Top Ten Comfort Reads

I’m doing a twist on a meme I picked up from Chachic’s Book Nook.

Not so much top ten light-and-fluffy reads, but the top ten for comfortable books when you just don’t want to read some complicated politics-heavy epic, or figure out a new complicated secondary world. You know, the kind of book you pick up one more time because you know you can open it anywhere, fall right into the story, and will wind up reading the whole thing again even if you didn’t really mean to.

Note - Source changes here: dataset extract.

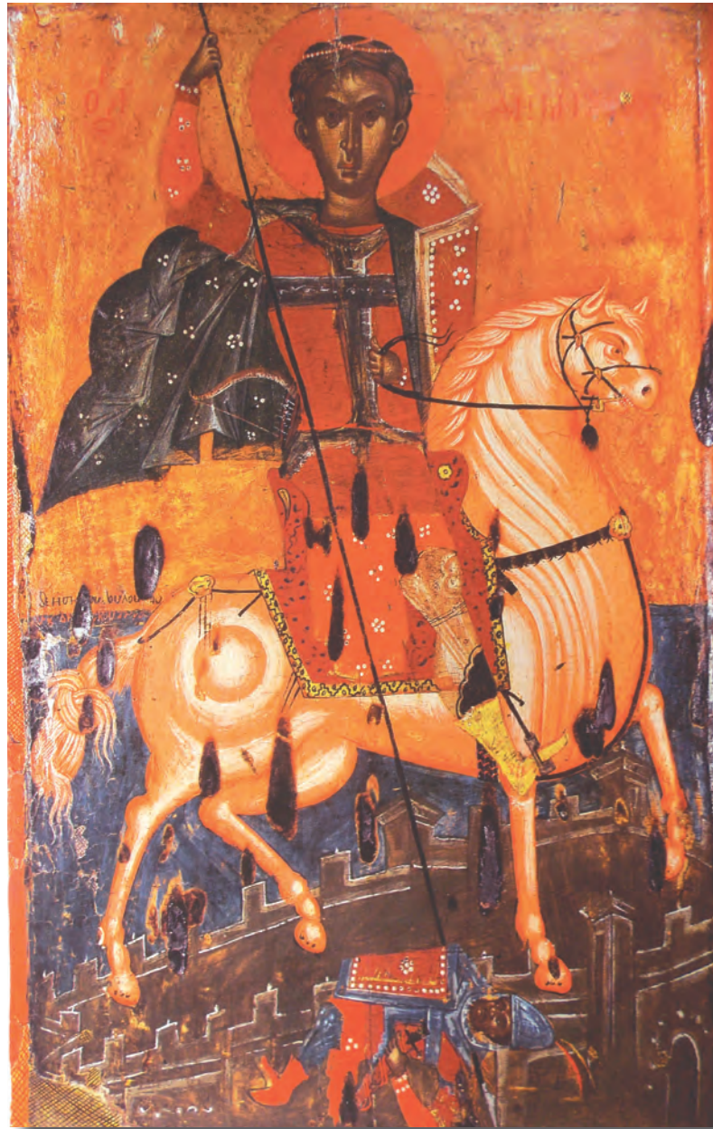
Sfântul Mare Mucenic Dimitrie Izvorătorul de Mir, tempera pe lemn, sec. al XVII-lea, Muzeul de istorie, Malko Târnovo.

Privind icoana, să retrăim minunile săvârșite de Sfântul Mare Mucenic Dimitrie, rostind împreună: Mare apărător te-a aflat întru primejdii lumea, Purtătorule de chinuri, pe tine cel ce ai biruit pe păgâni. Deci, precum mândria lui Lie ai surpat și la luptă îndrăzneț ai făcut pe Nestor, așa Sfinte Dimitrie, pe Hristos Dumnezeu roagă-L să ne dăruiască nouă mare milă.

For me, those would be — and I’m going to be pretty casual about lumping multiple books into one category, here — in no special order:

1. Anything by Robin McKinley, especially The Blue Sword and Beauty

2. Anything by Sarah Addison Allen, but especially The Girl Who Chased the Moon

3. Anything by Lois McMaster Bujold, but especially The Sharing Knife series

4. Dogsbody by Diana Wynne Jones

5. Jhereg and Yendi by Steven Brust

6. War for the Oaks by Emma Bull

7. Watership Down by Richard Adams

8. Anything by Gillian Bradshaw, but especially A Beacon at Alexandria and Island of Ghosts

9. Chanur’s Legacy by CJ Cherryh — this one, on a smaller scale and with less at stake than the original Chanur series, works for me as a light comfort read.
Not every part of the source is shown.